- _Exercise requirements_: The line containing "The 60 foot" marks the end: extract everything from the first line of the data through that line, exactly, with no pictures.

· · · ·

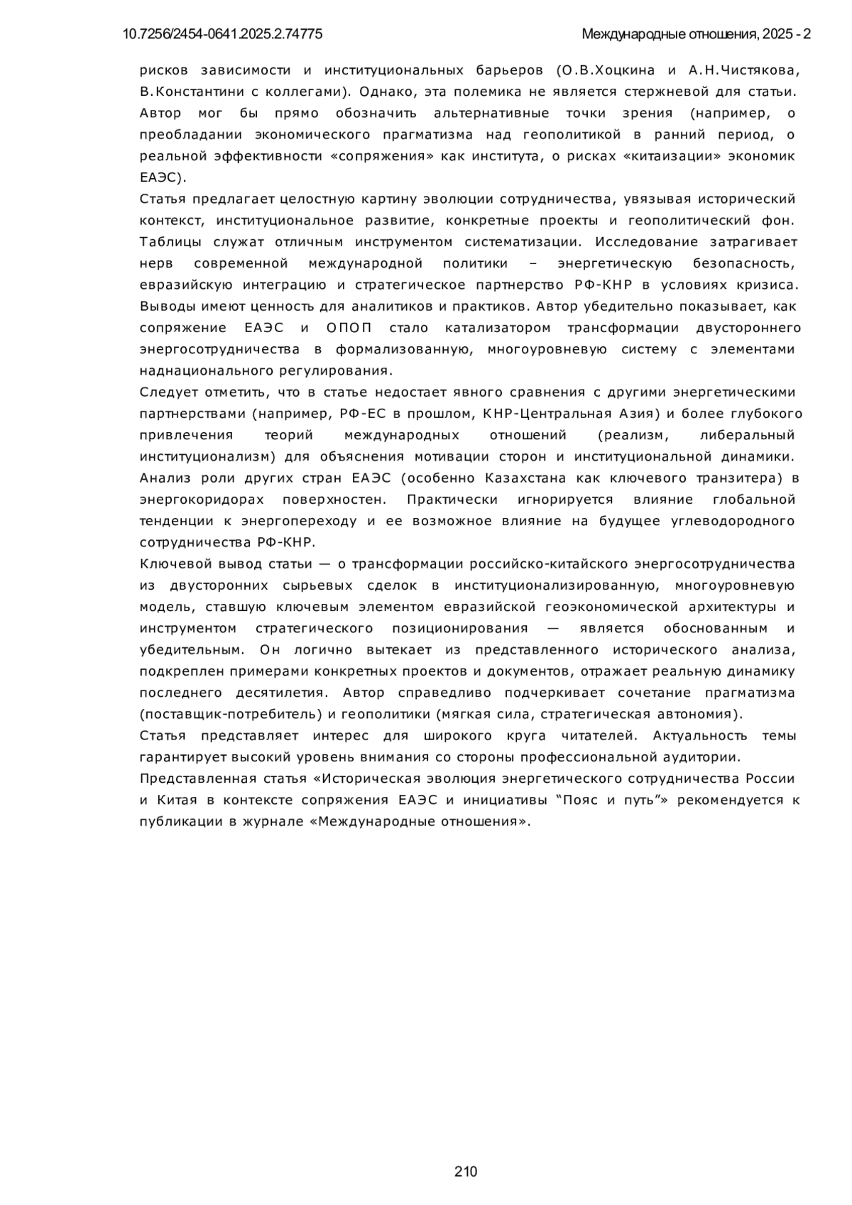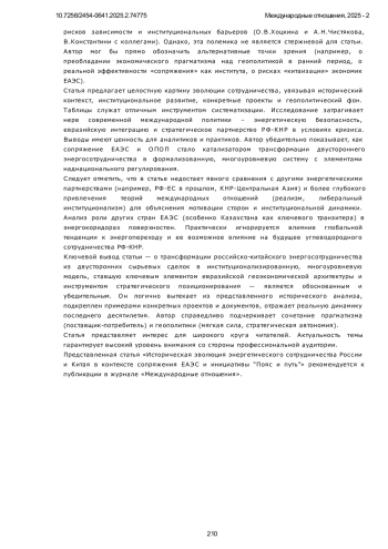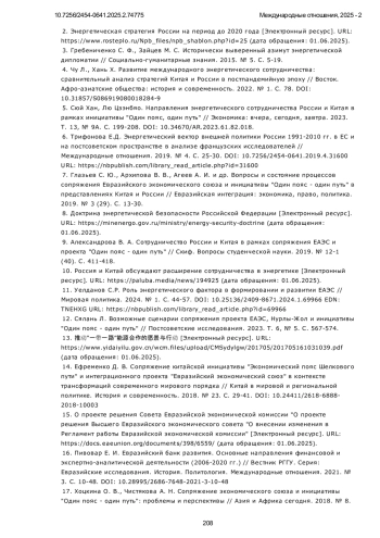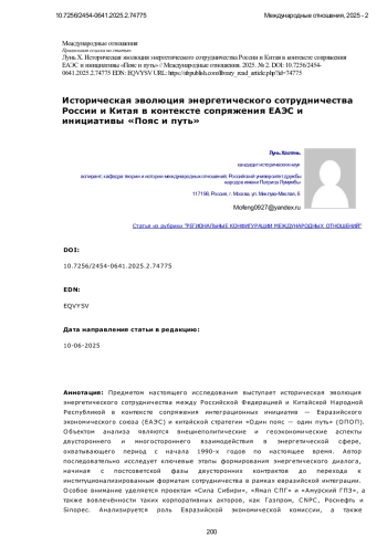 ЛУНЬ Х. ИСТОРИЧЕСКАЯ ЭВОЛЮЦИЯ ЭНЕРГЕТИЧЕСКОГО СОТРУДНИЧЕСТВА РОССИИ И КИТАЯ В КОНТЕКСТЕ СОПРЯЖЕНИЯ ЕАЭС И ИНИЦИАТИВЫ «ПОЯС И ПУТЬ» // МЕЖДУНАРОДНЫЕ ОТНОШЕНИЯ. 2025. № 2
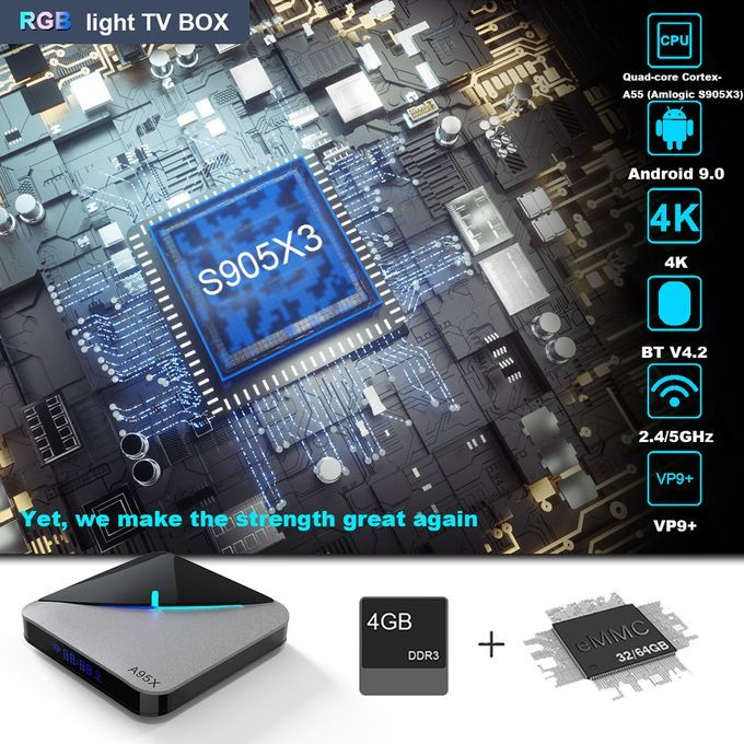 xPowered by Amlogic S905X3 64-bit Quad-core ARM Cortex A55 CPU with upgraded performance, more powerful than S905X2. Support 8Kx4K 24fps, 4Kx2K 75fps.
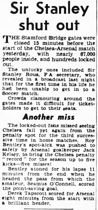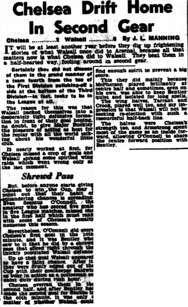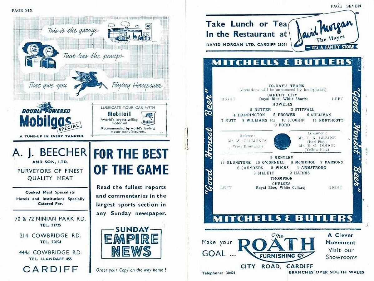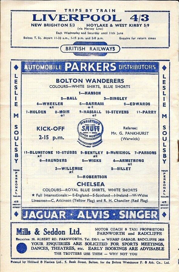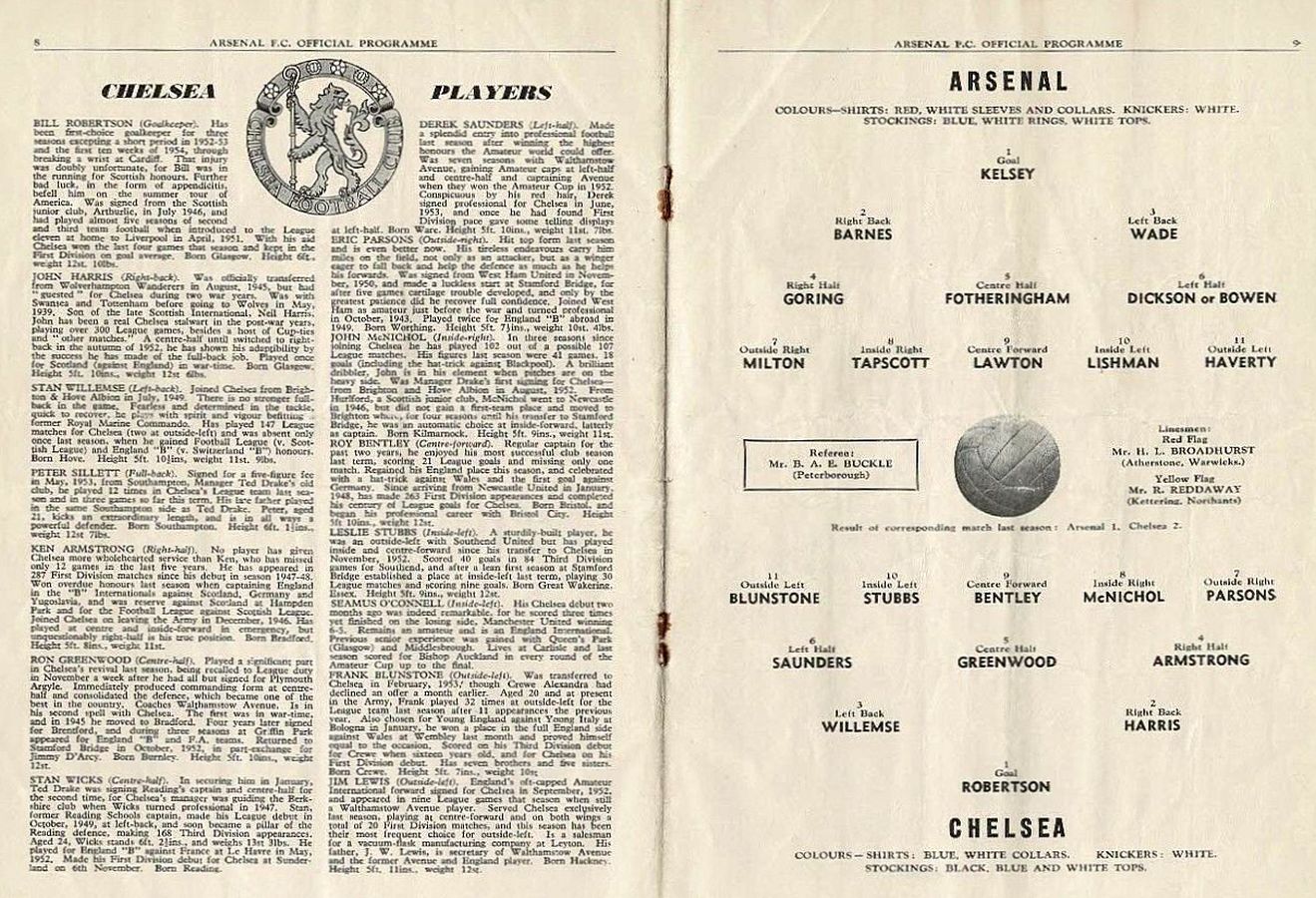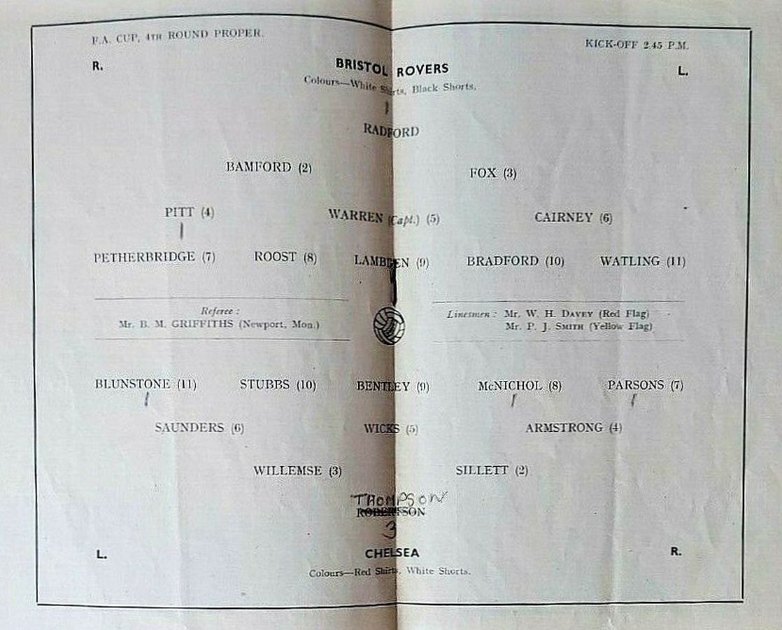 1 Chick Thomson, 2 John Harris, 3 Peter Sillett, 4 Ken Armstrong, 5 Stan Wicks, 6 Derek Saunders, 7 Eric Parsons, 8 Johnny McNichol, 9 Roy Bentley, 10 Peter Brabrook, 11 Stan Willemse |
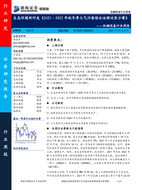 【渤海证券】【20211104】20211104-渤海证券-机械设备行业周报:生态环境部印发《2021-2022年秋冬季大气污染综合治理攻坚方案》-9页
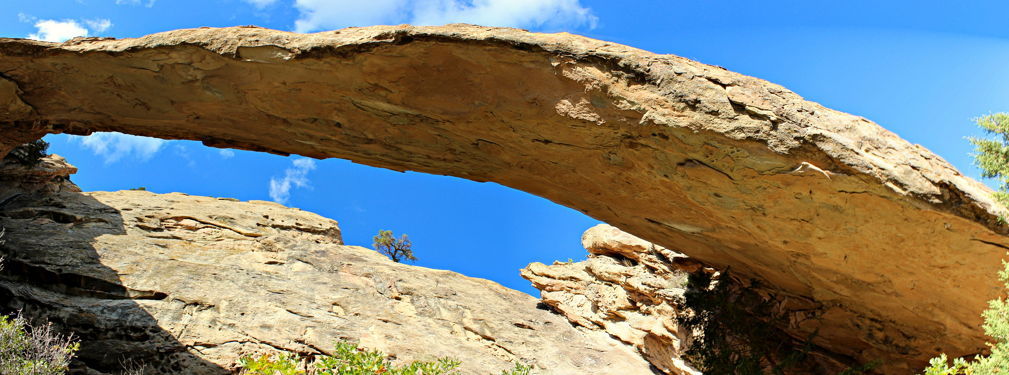 The 60 foot tall sandstone Arch spans 150 feet wide and is unique because it stands alone in the Grand Hogbacks.
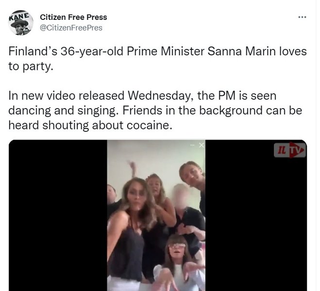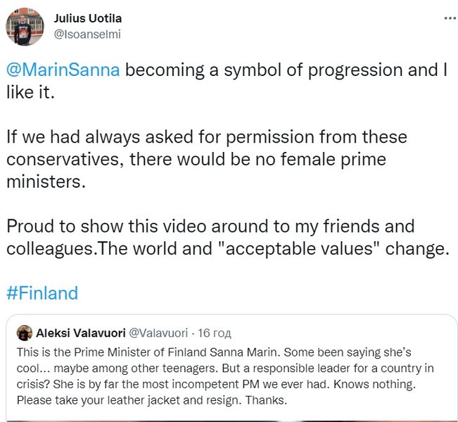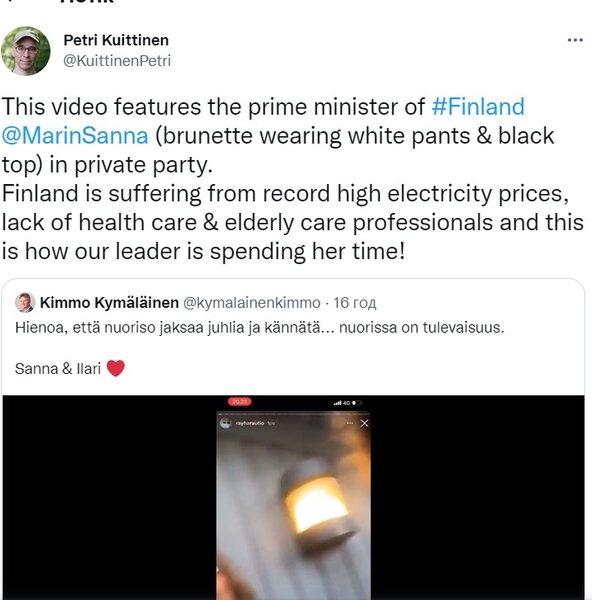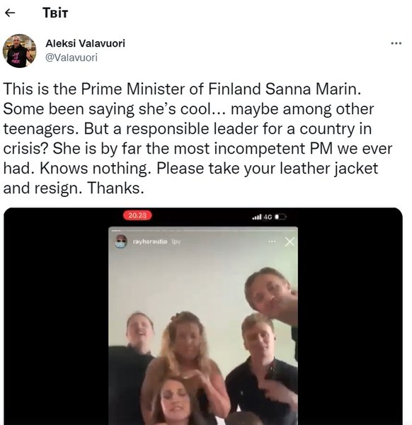 "Фінляндія страждає від рекордно високих цін на електроенергію, нестачі медичних працівників та фахівців з догляду за літніми людьми, і саме так проводить час наш лідер!", "36-річна прем'єр-міністр Фінляндії Санна Марін любить вечірки. У новому відео, випущеному в середу, прем'єр-міністр танцює і співає. На задньому плані чути крики друзів про кокаїн", "MarinSanna стає символом прогресу, і мені це подобається. Якби ми завжди питали дозволу у цих консерваторів, не було б жінок-прем'єр-міністрів. Пишаюся тим, що можу показати це відео своїм друзям та колегам. Світ та "прийнятні цінності" змінюються".
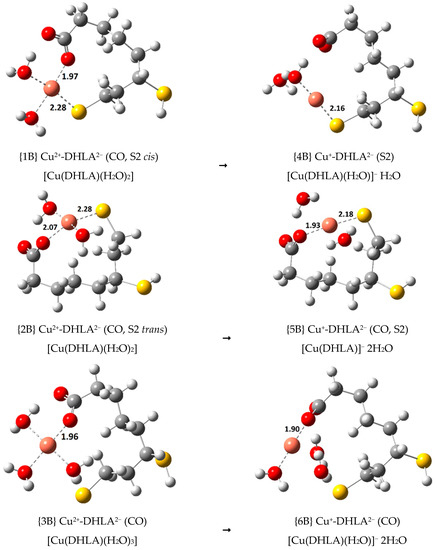 To compare the secondary antioxidant activity of LA and DHLA with respect to the Cu(II)/Cu(I) and Fe(III)/Fe(II) reductions, some of the calculations previously reported in Reference 10 for the Cu(II) complexes at the M06-2X(SMD)/6-31++G(d,p) level of theory have been re-done using the M06 functional. The three most stable Cu(II) complexes (previously reported as complexes {23}, {24} and {25} in Reference 10; now labelled {1B}, {2B} and {3B}), all with the S2-deprotonated DHLA2− ligand, were re-optimized and their corresponding linear Cu(I) complexes (labelled {4B}, {5B} and {6B}) were calculated. Reference 10 only reports the Cu(I) complex related to complex {1B}. The new M06 structures are shown in Figure 10.

· · · ·

- _Exercise answer_:
 ЛУНЬ Х. ИСТОРИЧЕСКАЯ ЭВОЛЮЦИЯ ЭНЕРГЕТИЧЕСКОГО СОТРУДНИЧЕСТВА РОССИИ И КИТАЯ В КОНТЕКСТЕ СОПРЯЖЕНИЯ ЕАЭС И ИНИЦИАТИВЫ «ПОЯС И ПУТЬ» // МЕЖДУНАРОДНЫЕ ОТНОШЕНИЯ. 2025. № 2
 xPowered by Amlogic S905X3 64-bit Quad-core ARM Cortex A55 CPU with upgraded performance, more powerful than S905X2. Support 8Kx4K 24fps, 4Kx2K 75fps.
 1 Chick Thomson, 2 John Harris, 3 Peter Sillett, 4 Ken Armstrong, 5 Stan Wicks, 6 Derek Saunders, 7 Eric Parsons, 8 Johnny McNichol, 9 Roy Bentley, 10 Peter Brabrook, 11 Stan Willemse |
 【渤海证券】【20211104】20211104-渤海证券-机械设备行业周报:生态环境部印发《2021-2022年秋冬季大气污染综合治理攻坚方案》-9页
 The 60 foot tall sandstone Arch spans 150 feet wide and is unique because it stands alone in the Grand Hogbacks.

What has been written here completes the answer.